* **PROMPT**
Print the whole listing again exactly, keeping no pictures in it.

* **COLLECTED DATA**

----------

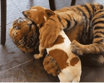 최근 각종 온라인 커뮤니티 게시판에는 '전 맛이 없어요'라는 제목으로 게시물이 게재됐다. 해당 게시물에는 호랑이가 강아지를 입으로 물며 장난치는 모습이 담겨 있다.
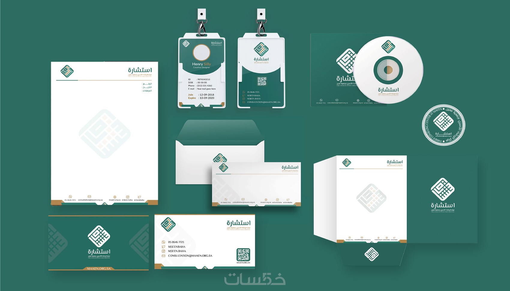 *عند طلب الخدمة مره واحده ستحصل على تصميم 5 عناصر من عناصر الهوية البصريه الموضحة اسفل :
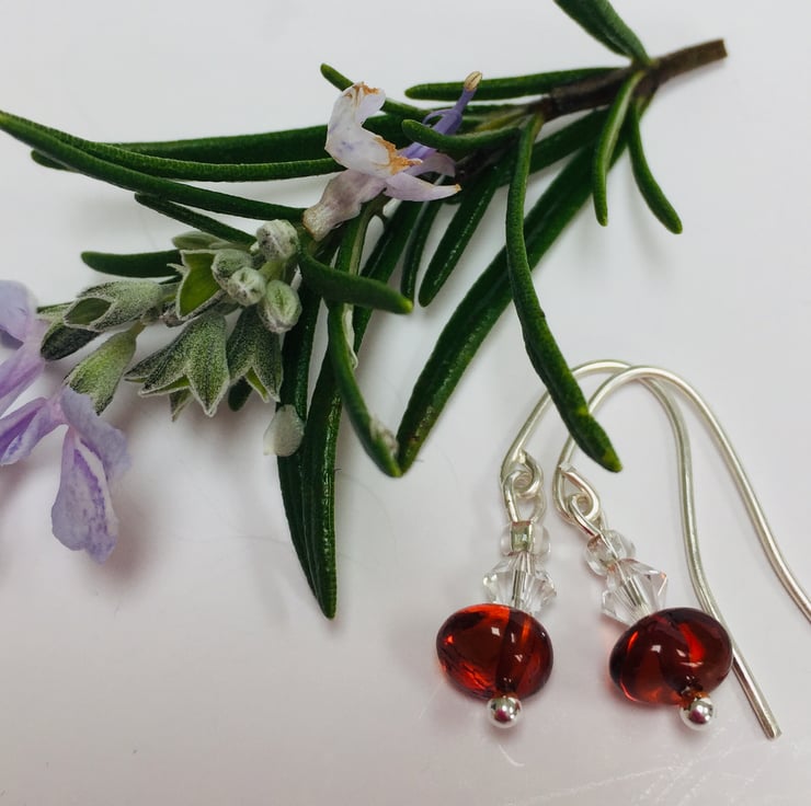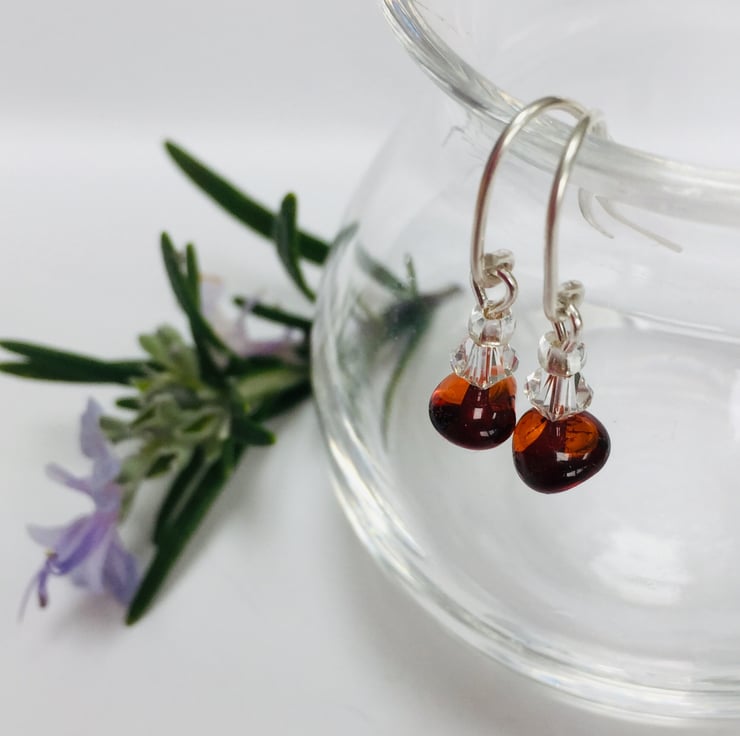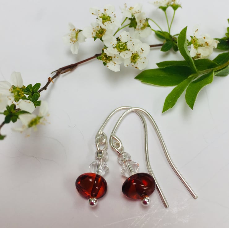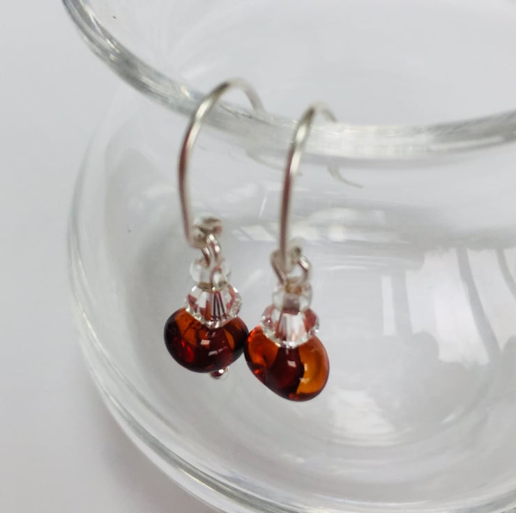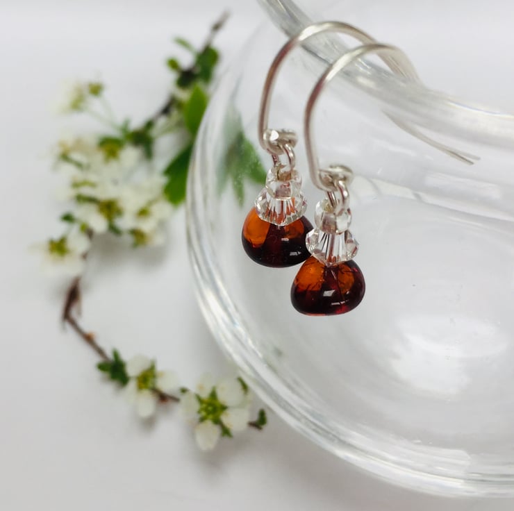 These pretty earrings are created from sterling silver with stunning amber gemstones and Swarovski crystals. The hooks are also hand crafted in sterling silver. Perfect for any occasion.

----------

* **TASK ANSWER**
 최근 각종 온라인 커뮤니티 게시판에는 '전 맛이 없어요'라는 제목으로 게시물이 게재됐다. 해당 게시물에는 호랑이가 강아지를 입으로 물며 장난치는 모습이 담겨 있다.
 *عند طلب الخدمة مره واحده ستحصل على تصميم 5 عناصر من عناصر الهوية البصريه الموضحة اسفل :
 These pretty earrings are created from sterling silver with stunning amber gemstones and Swarovski crystals. The hooks are also hand crafted in sterling silver. Perfect for any occasion.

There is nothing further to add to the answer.